127244.fb2 The Black Mausoleum - читать онлайн бесплатно полную версию книги . Страница 11

The Black Mausoleum - читать онлайн бесплатно полную версию книги . Страница 11

10

Skjorl

Eight months before the Black Mausoleum

They waited for the evening and for the heat to fade. If the dragons were still in Bloodsalt, Skjorl didn’t bother to look. Best chance of staying alive was to stay out of sight. He searched around the house for anything useful, but under the dirt and dust were only the blankets, an old table and a couple of stools. After that he had a good look at his hand. Took some Dreamleaf to take the edge off the pain and did his best to splint it up. Wasn’t ever going to work right again, that was for sure, but maybe he’d still be able to wield his axe one day, that was what mattered.

Dragon-blooded. He picked up his axe and held her. He could call her Dragon-blooded, after the stains on her steel. Better than Dragonslayer.

After that he had a look at Jasaan. Hard to tell whether the ankle was broken or badly sprained, but it was swollen up like a severed head. He put a splint on that as well. Stools turned out useful for something after all.

When it was properly dark again they crept out, back towards the water of the Sapphire. They found the covered canal and Skjorl stared at it. The parts in the city had been smashed to bits, trampled into a mess of jumbled bricks. So much for Jex and the rest, not that he’d had any hope they were still alive. Maybe they’d managed to get themselves eaten. Maybe the other dragon was burning too, but Skjorl wasn’t about to count on it. Never count on anything with dragons. Crafty bastards they were.

Outside the city, pieces of the canal were still intact. They hid inside one for the last hour of darkness and the whole of the day. Blasted place was like an oven in the sun, baking them in their own juices until they had nothing left to sweat. Skjorl lay towards one end, head poking outside but in the shade, catching what whisper of a breeze he could. In the distance he thought he saw the dragon, high up in the sky and away to the south, heading towards the Sapphire valley. When he blinked it was gone; afterwards, he wasn’t sure whether he’d seen it or dreamed it. Didn’t matter much. A sign was a sign. It was looking for them.

‘We’re too slow and there’s not enough shelter,’ Skjorl said when the sun set and they were ready to move again.

Jasaan shrugged. ‘We don’t get any water, we won’t last another day.’ He levered himself back to his feet and propped his axe under his shoulder as a crutch. ‘If it’s my time then I suppose I’m as ready as I’ll ever be.’

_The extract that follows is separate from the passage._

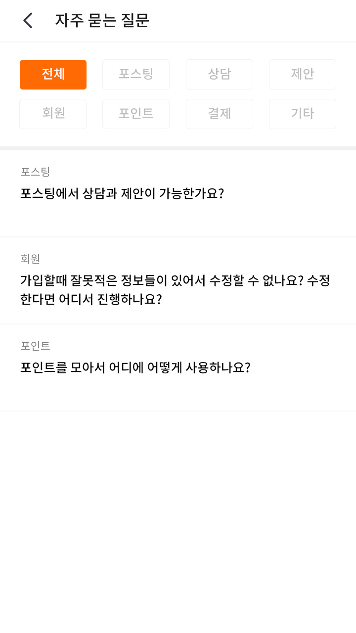 [디자인] 마이 - 설정 - 자주 묻는 질문

‘If we have to fight it, we will. We’ll come back out here and look for it after we’re done in the Spur.’ He tried to smile, and Jasaan grinned back. An Adamantine Man faced a dragon without fear. Even if there were only the two of them and they were both crippled and stood no chance whatsoever of victory, they’d still fight.

‘Whatever you say,’ said Jasaan after a pause that was much too long.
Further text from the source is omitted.